DATA SHOWN >>
_____

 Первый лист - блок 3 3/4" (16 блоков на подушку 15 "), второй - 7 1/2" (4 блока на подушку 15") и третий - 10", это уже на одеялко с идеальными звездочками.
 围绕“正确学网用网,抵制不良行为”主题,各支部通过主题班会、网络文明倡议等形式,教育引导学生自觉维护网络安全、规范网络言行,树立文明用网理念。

_____

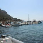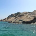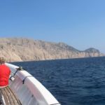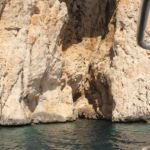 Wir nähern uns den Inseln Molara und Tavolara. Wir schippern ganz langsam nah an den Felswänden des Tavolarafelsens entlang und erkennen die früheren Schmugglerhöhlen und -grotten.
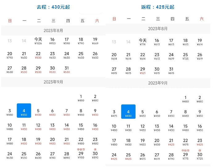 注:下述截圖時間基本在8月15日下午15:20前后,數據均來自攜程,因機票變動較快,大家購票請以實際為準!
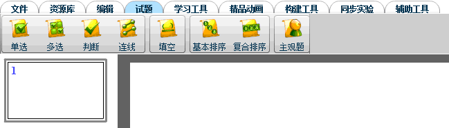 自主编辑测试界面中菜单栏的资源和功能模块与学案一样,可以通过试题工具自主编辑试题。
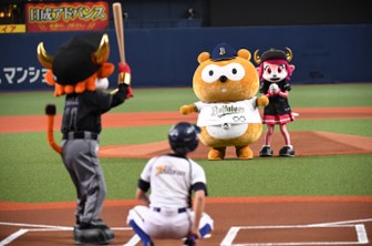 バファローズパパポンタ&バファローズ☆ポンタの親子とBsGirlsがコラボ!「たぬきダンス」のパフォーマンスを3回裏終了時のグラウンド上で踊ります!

_____

WHAT THIS TASK INVOLVES >>
In the records above, find the line with "Wir nähern uns" and the line with "バファローズパパポンタ&バフ". Write out exactly those lines and every one between, with no pictures and no other lines.

RESULT OF THE EXERCISE >>
 Wir nähern uns den Inseln Molara und Tavolara. Wir schippern ganz langsam nah an den Felswänden des Tavolarafelsens entlang und erkennen die früheren Schmugglerhöhlen und -grotten.
 注:下述截圖時間基本在8月15日下午15:20前后,數據均來自攜程,因機票變動較快,大家購票請以實際為準!
 自主编辑测试界面中菜单栏的资源和功能模块与学案一样,可以通过试题工具自主编辑试题。
 バファローズパパポンタ&バファローズ☆ポンタの親子とBsGirlsがコラボ!「たぬきダンス」のパフォーマンスを3回裏終了時のグラウンド上で踊ります!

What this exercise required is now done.